• Exercise goal
Go through the listing below and reproduce it word for word.

——

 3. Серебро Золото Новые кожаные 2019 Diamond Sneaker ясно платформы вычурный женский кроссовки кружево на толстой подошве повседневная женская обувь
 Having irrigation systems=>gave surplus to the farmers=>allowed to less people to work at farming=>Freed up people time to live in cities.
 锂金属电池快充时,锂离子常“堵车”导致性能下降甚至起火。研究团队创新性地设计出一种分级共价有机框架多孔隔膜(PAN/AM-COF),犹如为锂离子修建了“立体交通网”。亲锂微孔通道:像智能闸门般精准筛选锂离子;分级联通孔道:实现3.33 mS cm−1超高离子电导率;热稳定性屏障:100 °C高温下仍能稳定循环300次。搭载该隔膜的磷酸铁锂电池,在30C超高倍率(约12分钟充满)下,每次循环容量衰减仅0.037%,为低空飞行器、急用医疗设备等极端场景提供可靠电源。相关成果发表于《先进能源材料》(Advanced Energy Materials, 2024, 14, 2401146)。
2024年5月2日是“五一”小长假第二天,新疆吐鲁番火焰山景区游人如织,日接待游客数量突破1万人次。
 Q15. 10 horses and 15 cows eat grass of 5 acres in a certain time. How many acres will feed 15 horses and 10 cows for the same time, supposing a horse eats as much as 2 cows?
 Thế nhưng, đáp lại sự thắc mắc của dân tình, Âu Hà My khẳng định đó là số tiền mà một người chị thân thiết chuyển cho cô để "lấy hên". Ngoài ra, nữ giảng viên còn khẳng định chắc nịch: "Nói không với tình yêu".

——

• Output of the task
 3. Серебро Золото Новые кожаные 2019 Diamond Sneaker ясно платформы вычурный женский кроссовки кружево на толстой подошве повседневная женская обувь
 Having irrigation systems=>gave surplus to the farmers=>allowed to less people to work at farming=>Freed up people time to live in cities.
 锂金属电池快充时,锂离子常“堵车”导致性能下降甚至起火。研究团队创新性地设计出一种分级共价有机框架多孔隔膜(PAN/AM-COF),犹如为锂离子修建了“立体交通网”。亲锂微孔通道:像智能闸门般精准筛选锂离子;分级联通孔道:实现3.33 mS cm−1超高离子电导率;热稳定性屏障:100 °C高温下仍能稳定循环300次。搭载该隔膜的磷酸铁锂电池,在30C超高倍率(约12分钟充满)下,每次循环容量衰减仅0.037%,为低空飞行器、急用医疗设备等极端场景提供可靠电源。相关成果发表于《先进能源材料》(Advanced Energy Materials, 2024, 14, 2401146)。
2024年5月2日是“五一”小长假第二天,新疆吐鲁番火焰山景区游人如织,日接待游客数量突破1万人次。
 Q15. 10 horses and 15 cows eat grass of 5 acres in a certain time. How many acres will feed 15 horses and 10 cows for the same time, supposing a horse eats as much as 2 cows?
 Thế nhưng, đáp lại sự thắc mắc của dân tình, Âu Hà My khẳng định đó là số tiền mà một người chị thân thiết chuyển cho cô để "lấy hên". Ngoài ra, nữ giảng viên còn khẳng định chắc nịch: "Nói không với tình yêu".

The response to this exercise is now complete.